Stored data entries
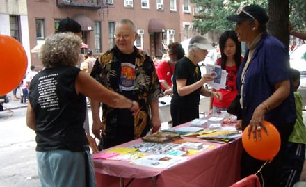 August 30: Educational and career outreach, health information, and support groups for teens and families along with food, music, face painting and fun — City Council Rep, Melissa Mark Viverito sure knows how to throw a party. Nydia, Judy, one Joan and both Barbaras are joined by our new friend, Kevin, from Brooklyn for Peace. Our table is set up with stacks of Opt-Out forms, Truth in Recruiting information, information about alternative opportunities to the military and candy — lifesavers and lollipops. Turns are taken holding down the table as the others fan out to engage the young participants and their parents.
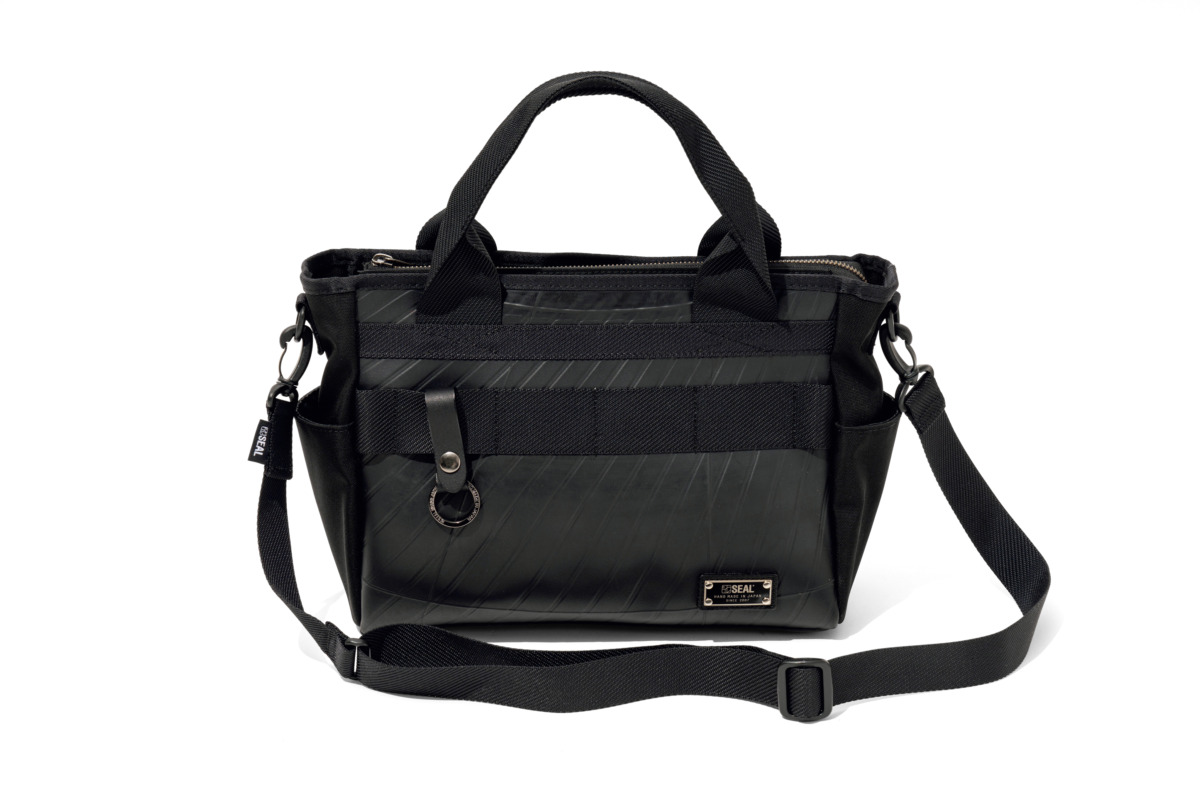 タイヤチューブと撥水性の高いナイロン素材を組み合わせたカートバッグ。ストラップ付属で手持ちと肩掛けの2WAY仕様。[W29×H22×D11cm]22000円(問 SEAL表参道本店)
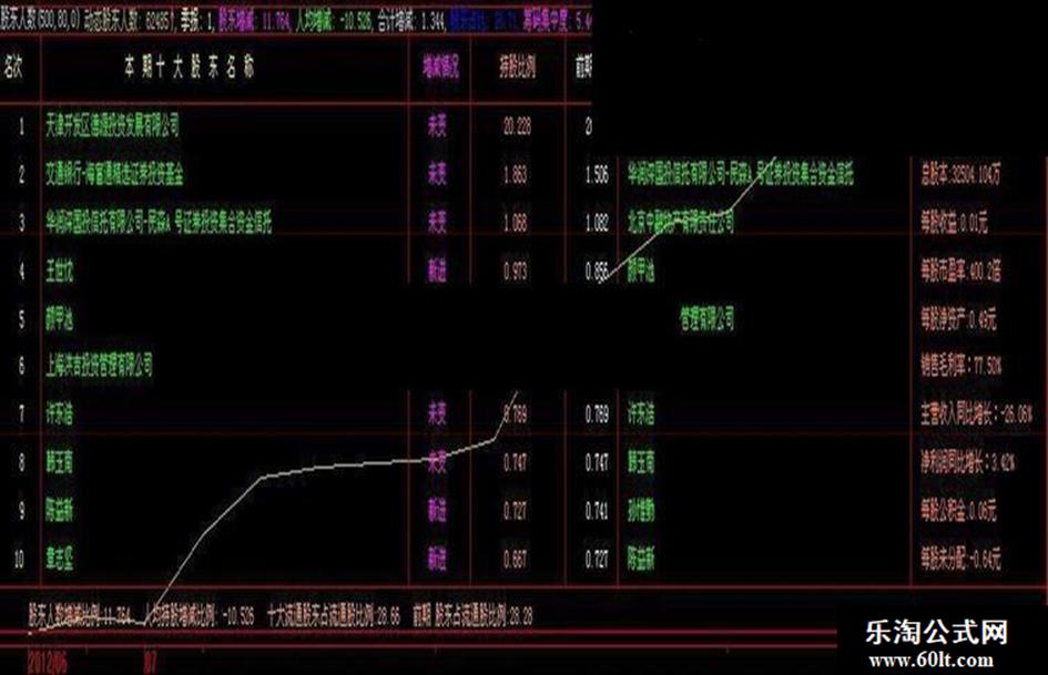 DRAWTEXTREL(5,35,'名次'),COLOR00FFFF;DRAWTEXTREL(120,35,'本 期 十 大 股 东 名 称'),COLOR00FFFF;DRAWTEXTREL(405,35,'增减情况'),COLORFF00FF;DRAWTEXTREL(478,35,'持股比例'),Color8080FF;DRAWTEXTREL(550,35,'前期比例'),colorwhite;DRAWTEXTREL(650,35, '前 期 十 大 股 东 名 称'),COLOR00FFFF;DRAWTEXTREL(880,35,'股票名称:'+'【'+STKLABEL+' '+STKNAME+'】'),COLOR00FFFF;
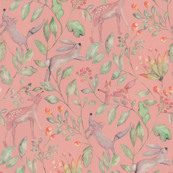 Pink non-woven wallpaper for children's room - wallpaper forest animals.
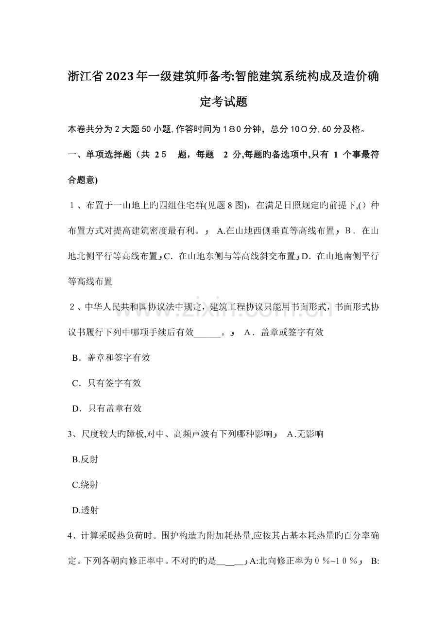 浙江省2023年一级建筑师备考:智能建筑系统构成及造价确定考试题
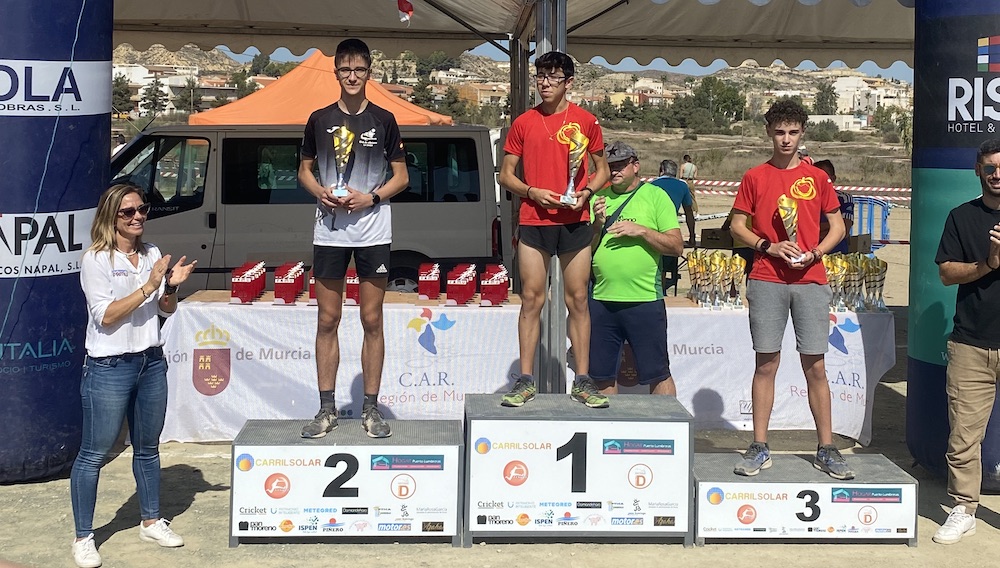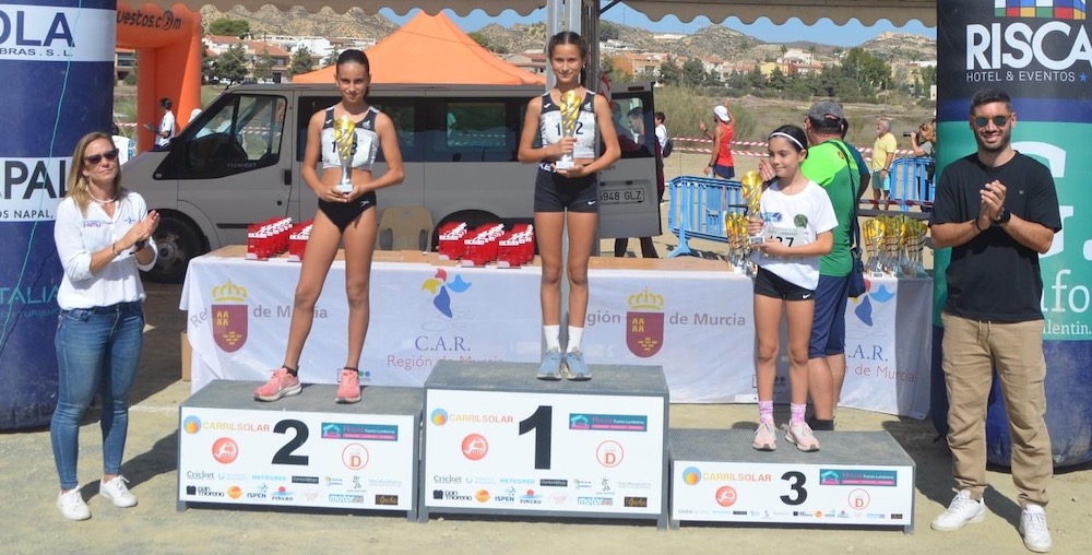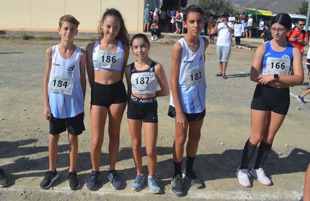 El cuarteto del club atletismo unionense formado por Aaron Laencina, Francisco Sánchez, Manuel Martinez y Daniel Nalda logra el segundo puesto el campeonato regional por clubes y se clasifica por segundo año consecutivo para el Campeonato de España de campo a través. En la foto, las chicas sub-12 que subieron a lo más alto del podio en Puerto Lumbreras.
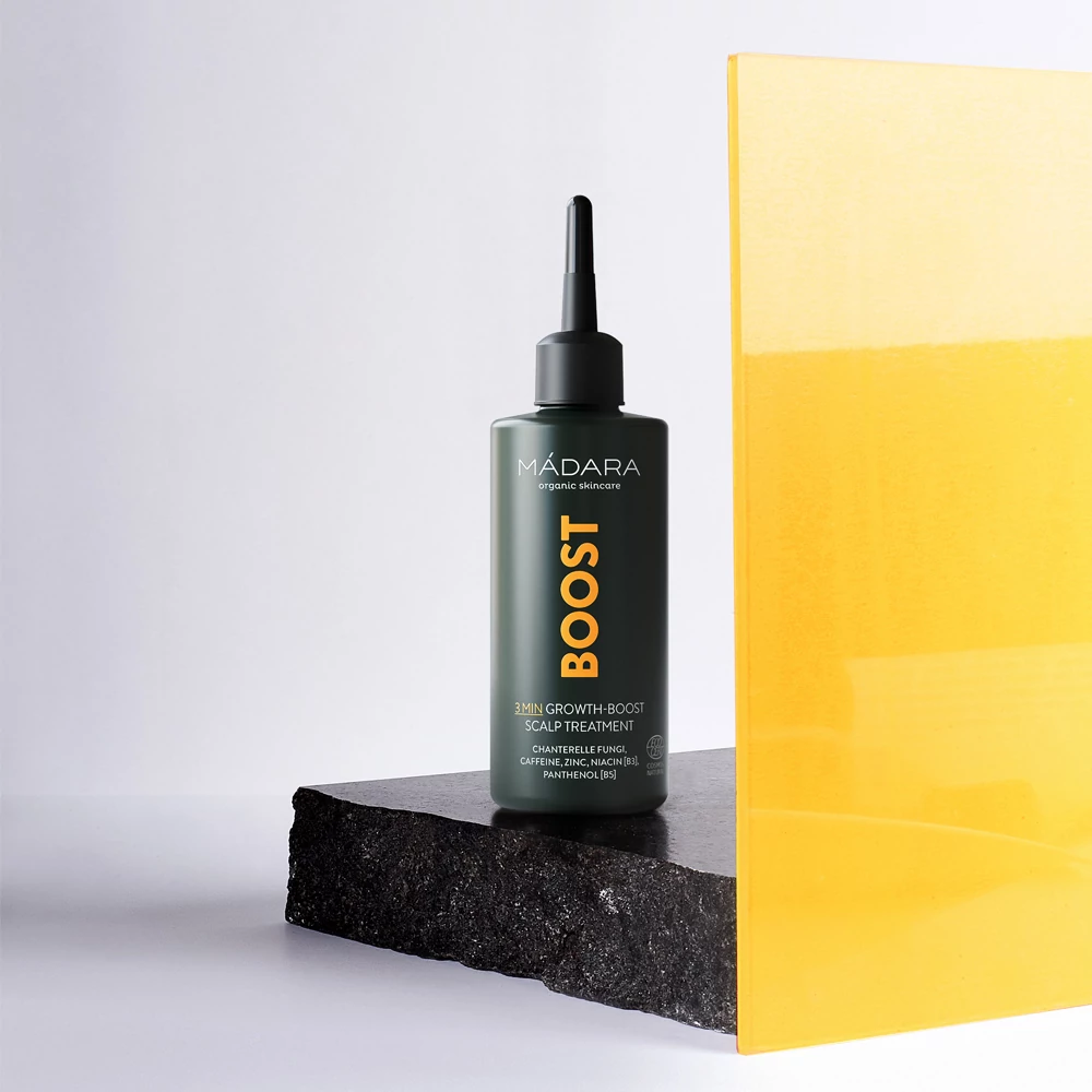 A gomba bázisú 3 perces elősampon feltölti a fejbőrt energiával a teljes és erősebb hajkoronáért. A Booster a fejbőr öregedési folyamatát, hajhullást és a vékonyszálú hajat célozza meg, már a hajgyökerektől segíti a haj volumenét rendbe tenni.
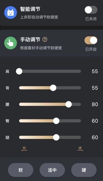 如果不满意智能调节的软硬度,还可以根据喜好手动调节,千人千面,总能找到适合自己的软硬度,舒服与否,如人饮水冷暖自知。
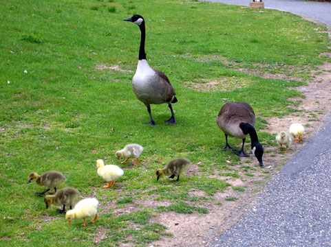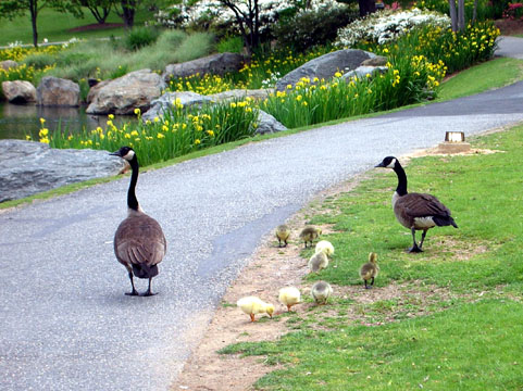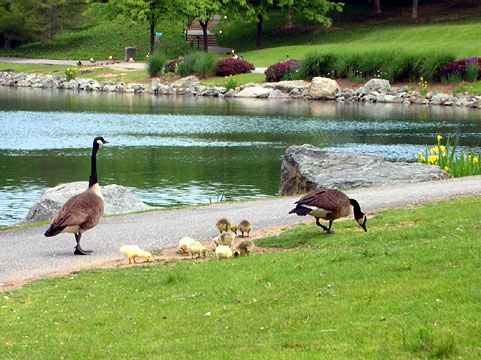 There is an artificial lake behind the multiplex where we see a lot of movies. Before Paul and I saw Kingdom of Heaven, we took a walk and discovered that one of the non-migrating geese had made a nest right in front of one of the restaurants along the boardwalk there. When I went back the next week to see Star Wars: Episode III - Revenge of the Sith, I brought my camera just in case. This is what I saw that day.
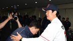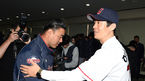 [OSEN=부산, 이대선 기자] 1일 오전 부산 사직야구장에서 프로야구 롯데 자이언츠 허문회 신임 감독 취임식이 열렸다.롯데 허문회 감독이 송승준과 인사를 나누고 있다. /sunday@osen.co.kr
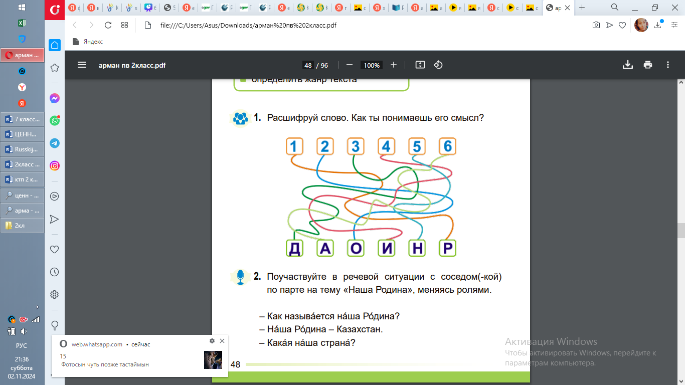 Предлагает прочитать в паре упр 2 и расскажите на родном языке что вы знаете о символах Казахстана? -Словарная работа: напишите в тетради и прочитайте громко! Ро́ дина – Отан страна́ – ел ска́ зка – ертегі Флаг – Ту Герб – Елтаңба Гимн – Әнұран О |
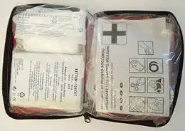 - ↑ Caractéristiques de la trousse de secours, sur legifrance.gouv.fr.

#### [REQUIRED ACTION]
Word for word, give the entries above again, with no images included.

#### [SOLUTION TO THIS TASK]
 August 30: Educational and career outreach, health information, and support groups for teens and families along with food, music, face painting and fun — City Council Rep, Melissa Mark Viverito sure knows how to throw a party. Nydia, Judy, one Joan and both Barbaras are joined by our new friend, Kevin, from Brooklyn for Peace. Our table is set up with stacks of Opt-Out forms, Truth in Recruiting information, information about alternative opportunities to the military and candy — lifesavers and lollipops. Turns are taken holding down the table as the others fan out to engage the young participants and their parents.
 タイヤチューブと撥水性の高いナイロン素材を組み合わせたカートバッグ。ストラップ付属で手持ちと肩掛けの2WAY仕様。[W29×H22×D11cm]22000円(問 SEAL表参道本店)
 DRAWTEXTREL(5,35,'名次'),COLOR00FFFF;DRAWTEXTREL(120,35,'本 期 十 大 股 东 名 称'),COLOR00FFFF;DRAWTEXTREL(405,35,'增减情况'),COLORFF00FF;DRAWTEXTREL(478,35,'持股比例'),Color8080FF;DRAWTEXTREL(550,35,'前期比例'),colorwhite;DRAWTEXTREL(650,35, '前 期 十 大 股 东 名 称'),COLOR00FFFF;DRAWTEXTREL(880,35,'股票名称:'+'【'+STKLABEL+' '+STKNAME+'】'),COLOR00FFFF;
 Pink non-woven wallpaper for children's room - wallpaper forest animals.
 浙江省2023年一级建筑师备考:智能建筑系统构成及造价确定考试题
 El cuarteto del club atletismo unionense formado por Aaron Laencina, Francisco Sánchez, Manuel Martinez y Daniel Nalda logra el segundo puesto el campeonato regional por clubes y se clasifica por segundo año consecutivo para el Campeonato de España de campo a través. En la foto, las chicas sub-12 que subieron a lo más alto del podio en Puerto Lumbreras.
 A gomba bázisú 3 perces elősampon feltölti a fejbőrt energiával a teljes és erősebb hajkoronáért. A Booster a fejbőr öregedési folyamatát, hajhullást és a vékonyszálú hajat célozza meg, már a hajgyökerektől segíti a haj volumenét rendbe tenni.
 如果不满意智能调节的软硬度,还可以根据喜好手动调节,千人千面,总能找到适合自己的软硬度,舒服与否,如人饮水冷暖自知。
 There is an artificial lake behind the multiplex where we see a lot of movies. Before Paul and I saw Kingdom of Heaven, we took a walk and discovered that one of the non-migrating geese had made a nest right in front of one of the restaurants along the boardwalk there. When I went back the next week to see Star Wars: Episode III - Revenge of the Sith, I brought my camera just in case. This is what I saw that day.
 [OSEN=부산, 이대선 기자] 1일 오전 부산 사직야구장에서 프로야구 롯데 자이언츠 허문회 신임 감독 취임식이 열렸다.롯데 허문회 감독이 송승준과 인사를 나누고 있다. /sunday@osen.co.kr
 Предлагает прочитать в паре упр 2 и расскажите на родном языке что вы знаете о символах Казахстана? -Словарная работа: напишите в тетради и прочитайте громко! Ро́ дина – Отан страна́ – ел ска́ зка – ертегі Флаг – Ту Герб – Елтаңба Гимн – Әнұран О |
 - ↑ Caractéristiques de la trousse de secours, sur legifrance.gouv.fr.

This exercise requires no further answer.